Learn how different lenses form images by refracting light


Learn how different lenses form images by refracting light
Learn how different lenses form images by refracting light
Explanation of the refraction of light through different lenses.
Encyclopædia Britannica, Inc.

Transcript

We see objects when light waves bounce off their surfaces and travel toward our eyes. This behavior of light is called reflection.
Opaque objects, other than mirrors, will also absorb light rays. They reflect only the colors of light that they appear to be and absorb the other wavelengths of colored light.
When light waves pass through transparent, or see-through, objects, another behavior of light called refraction occurs. As a light wave enters a new transparent substance – at an angle other than 90 degrees – it bends, or refracts. Refraction often causes objects to look different when we view them through different transparent substances.
Optics is the study of light. It includes the study of how visible light and the eye interact to produce sight. Mirrors and lenses are important optical tools because they reflect and refract light.
Eyeglasses, magnifying glasses, telescopes, and binoculars all have lenses or mirrors that control how light enters the eye. These optical instruments can greatly extend human vision.
All mirrors are opaque and completely reflect light. They can be flat, concave, or convex in shape.
All lenses, including the lenses in our eyes, are transparent and refract light. Many of us depend on corrective lenses to function independently. Lenses can be concave or convex. A lens’s shape determines the images it forms.
When parallel rays of light enter a concave lens, the light waves refract outward, or spread out. The light rays refract twice: first when entering the lens and second when leaving the lens. Only the light rays passing through the center of the lens remain straight.
Parallel light rays that pass through a concave lens do not meet. Viewing an object through a concave lens will make the object look smaller and closer. Concave lenses are used to correct nearsightedness.
A virtual image can appear when you look at an object through a concave lens. A virtual image is formed where light appears to have converged, but where no light can actually go. The virtual image formed by a concave lens appears upright, is smaller than the actual object, and appears between the concave lens and the actual object being viewed through the lens.
Convex lenses refract light inward toward a focal point. Light rays passing through the edges of a convex lens are bent most, whereas light passing through the lens’s center remain straight. Convex lenses are used to correct farsighted vision.
Convex lenses are the only lenses that can form real images.
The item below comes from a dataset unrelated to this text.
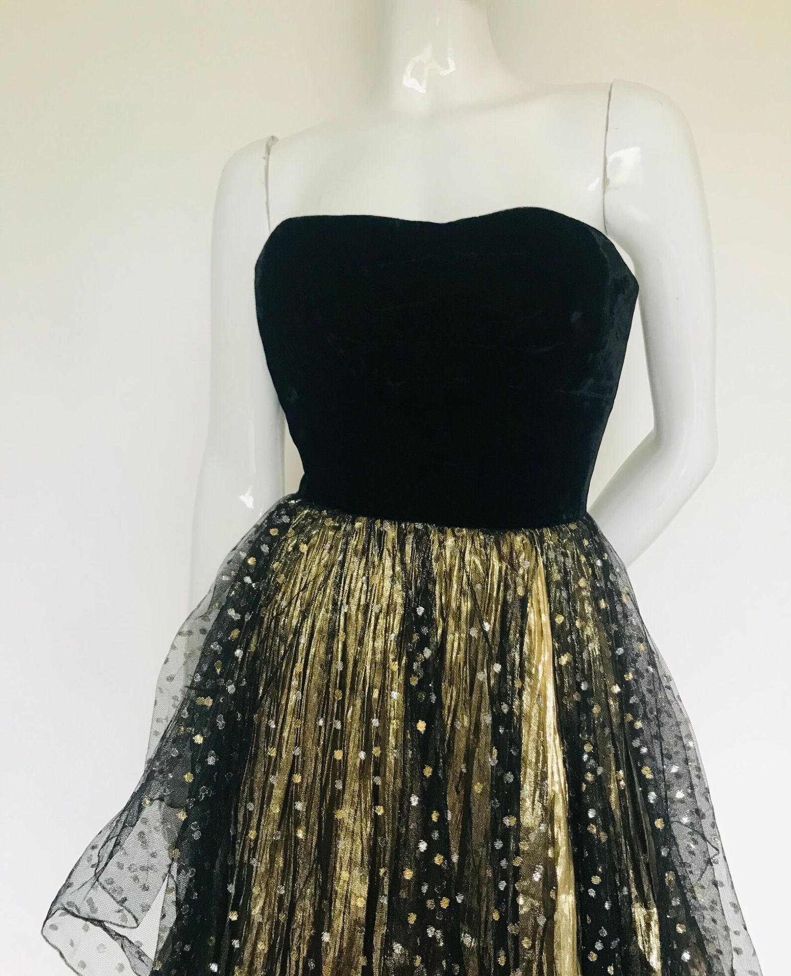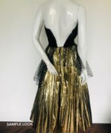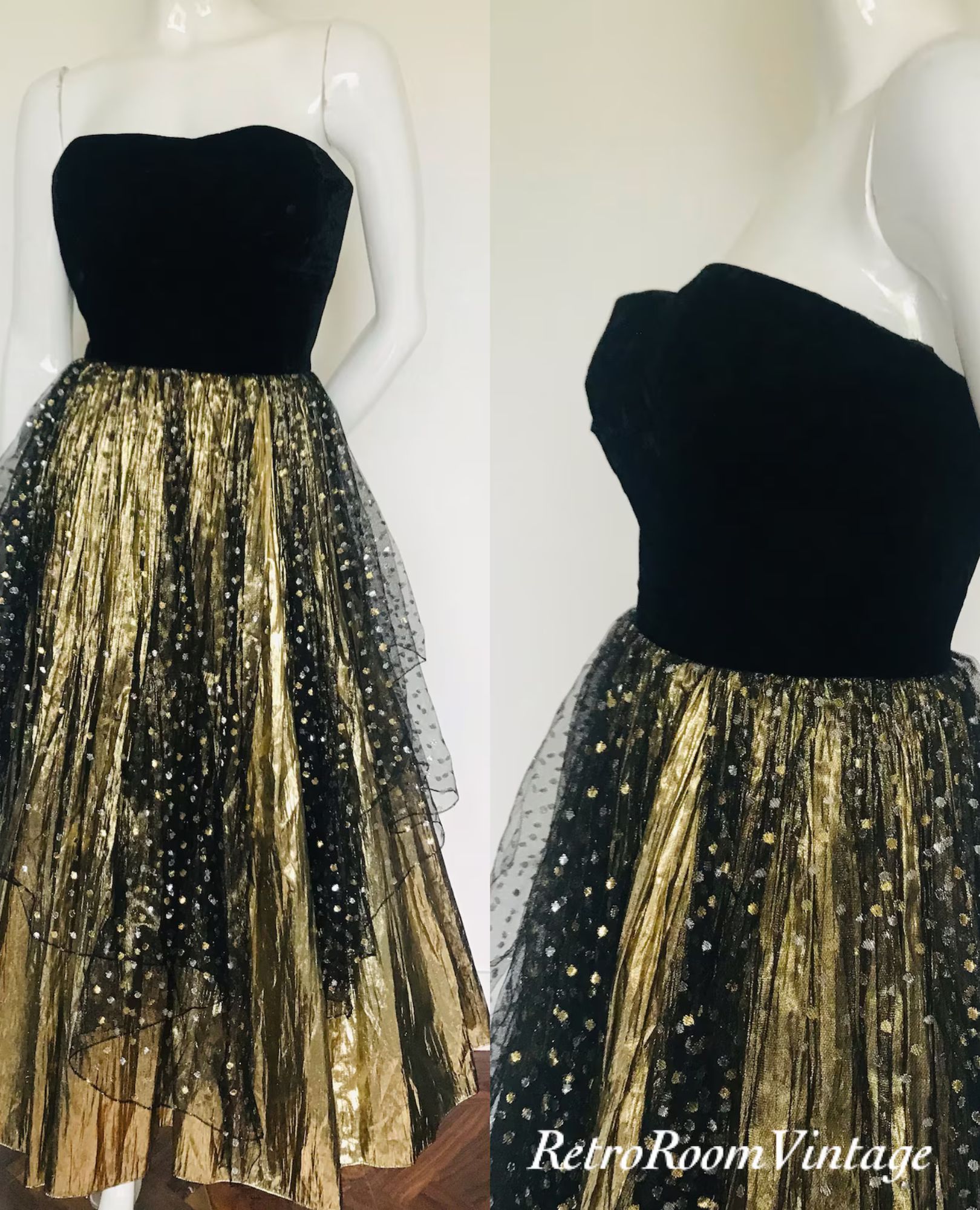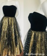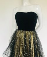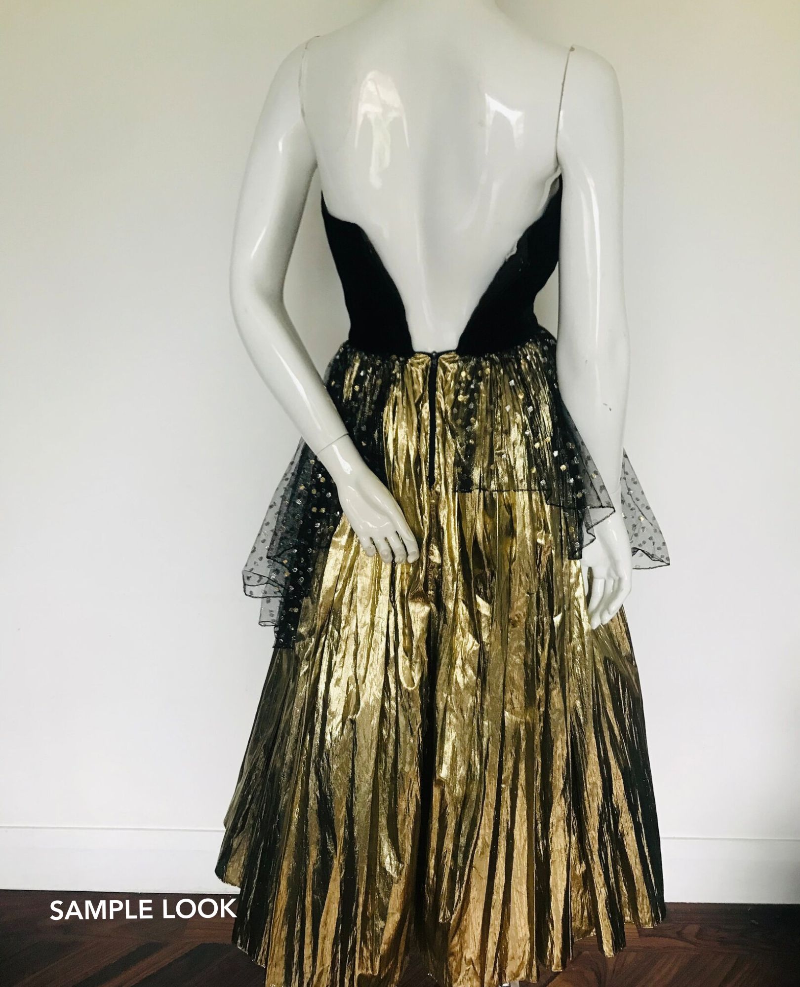 Step into 1980s opulence with this original Doree Leventhhal dress—velvet boned bodice meets a gold lame full skirt with netting, fully lined for drama. Approx UK size 6 (bust 16.5″ flat, waist 12″, waist to hem 37″), in pristine condition with no flaws. Zipper works fine—it’s just a stiff model.

Unlike a virtual image, a real image appears where light actually converges.
The real image formed by a convex lens appears inverted. It can be either smaller than the object or the same size as the object, depending on where the actual object is in relation to the convex lens.
For example, if you were to look through a magnifying glass at a distant object, you would see a small, upside-down real image appear to float in between you and the lens.